- Theatrical release poster
- Directed by: Brett Rapkin Erik Kesten
- Produced by: Brett Rapkin Erik Kesten
- Starring: Ken Holtzman Art Shamsky Ron Blomberg
- Edited by: Brett Rapkin Erik Kesten
- Music by: Jeremiah Lockwood
- Distributed by: SnagFilms
- Release date: January 19, 2008;
- Running time: 83 minutes
- Country: United States
- Language: English

= Holy Land Hardball =

Holy Land Hardball (2008) is a documentary film about the founding of the professional Israel Baseball League in 2007.

==Synopsis==
Boston bagel maker Larry Baras, who had no sports management experience, wanted to create a professional baseball league in Israel.
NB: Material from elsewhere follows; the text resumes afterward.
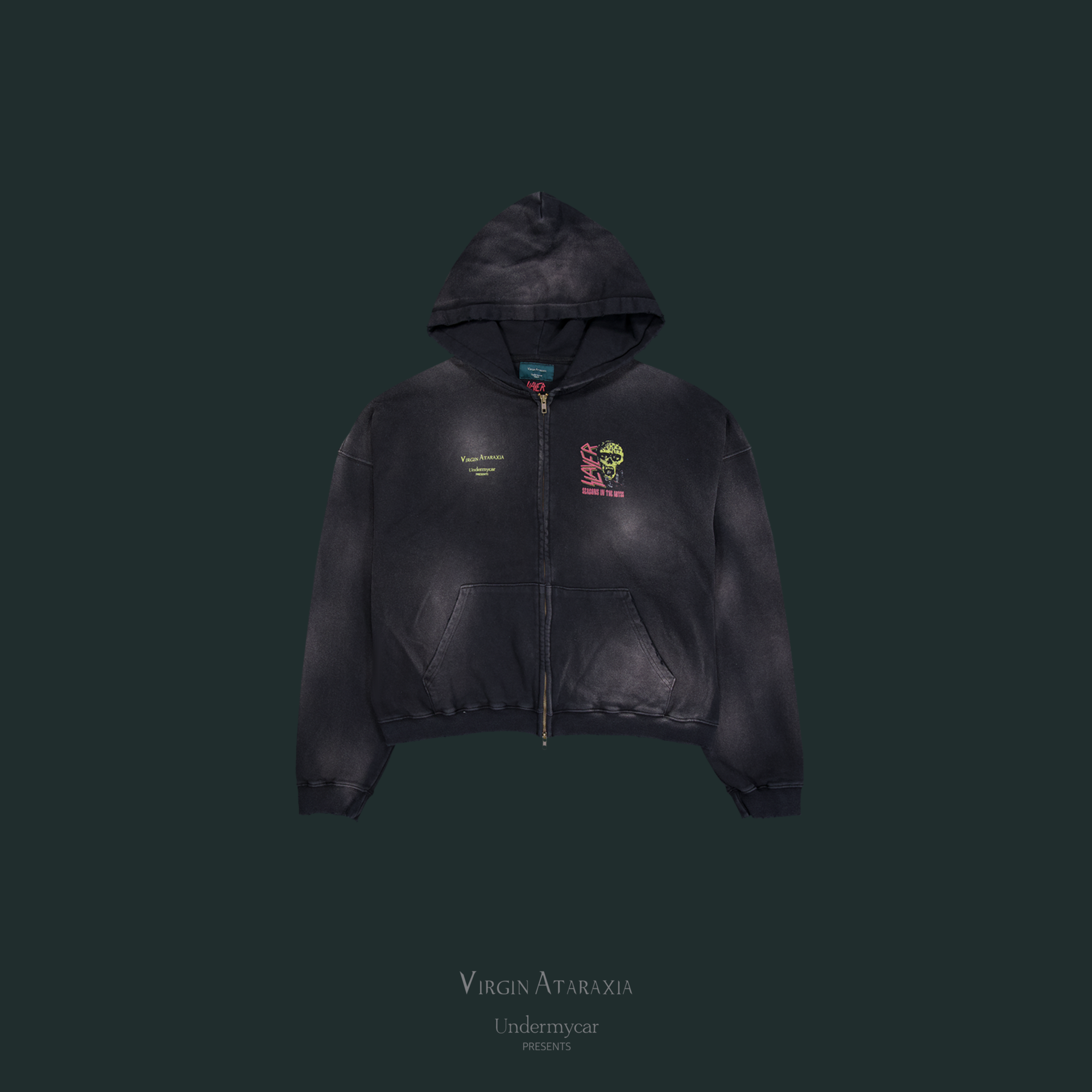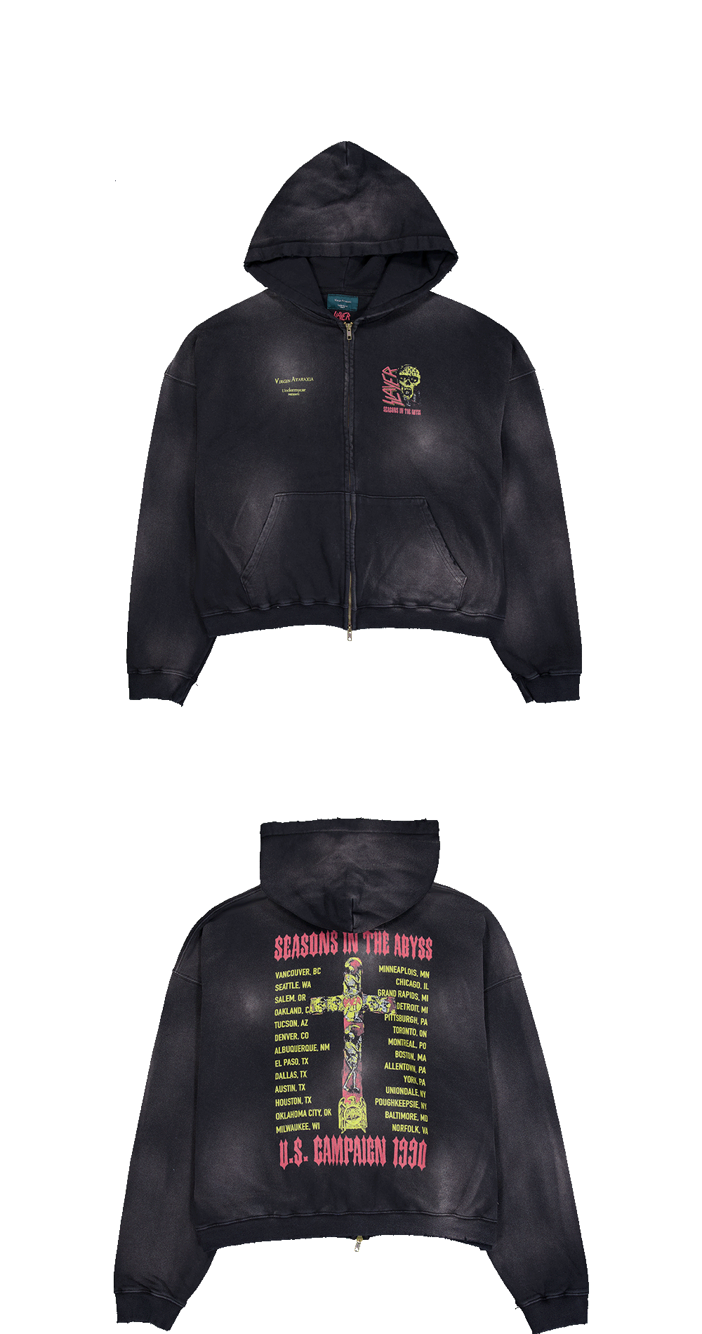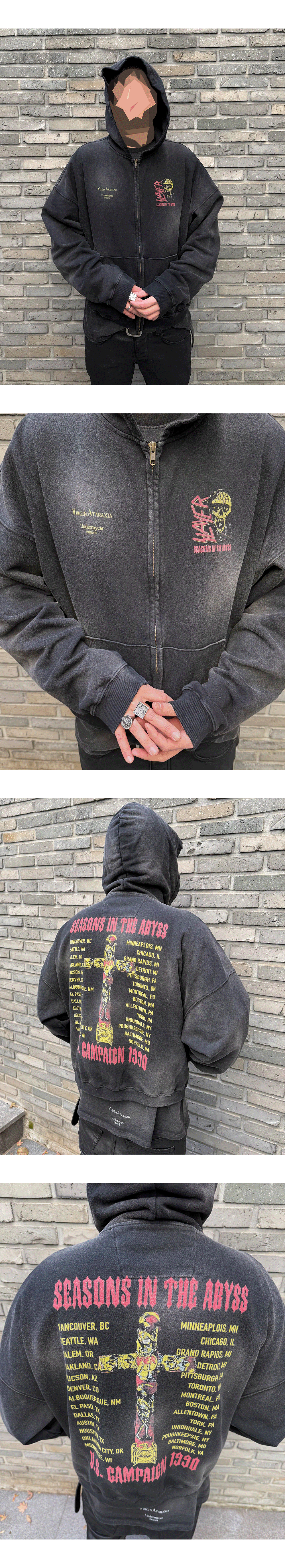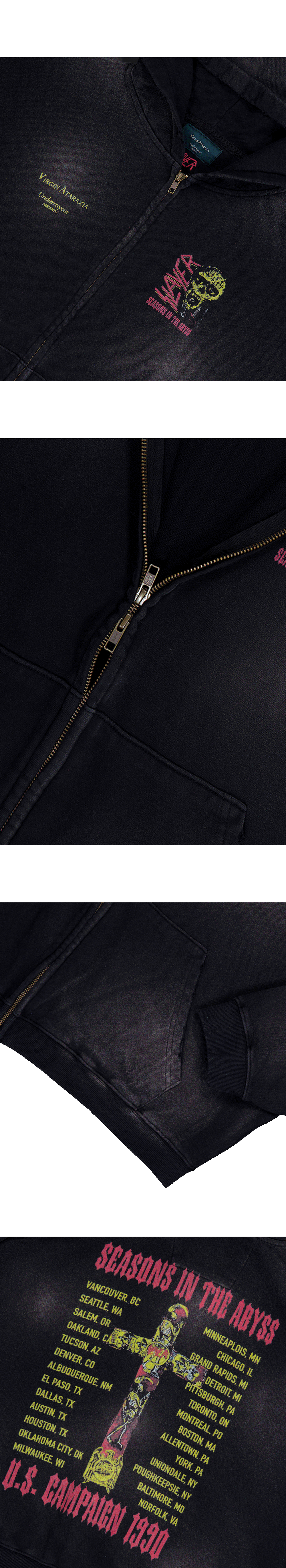 SEASONS IN THE ABYSS VINTAGE WASHED ZIPPED HOODIE - BLACK

He recruited former Jewish major leaguers Art Shamsky, Ken Holtzman, and Ron Blomberg as team managers in the Israel Baseball League.

==Film festivals==
It premiered at the Silverdocs AFI/Discovery Channel Documentary Film Festival and was shown at many other film festivals.

==Reviews==
Fandango said of Holy Land Hardball:

An entertaining documentary, showing a side of Israel far from the news headlines - one of peace, normalcy and discovering the joys of the great American pastime.

Indiewire says of Holy Land Hardball:

All things considered, Kesten and Rapkin respect their subjects to the point where "Holy Land Hardball" functions as a warm portrait of people guided by spiritual unity and athletic ambition.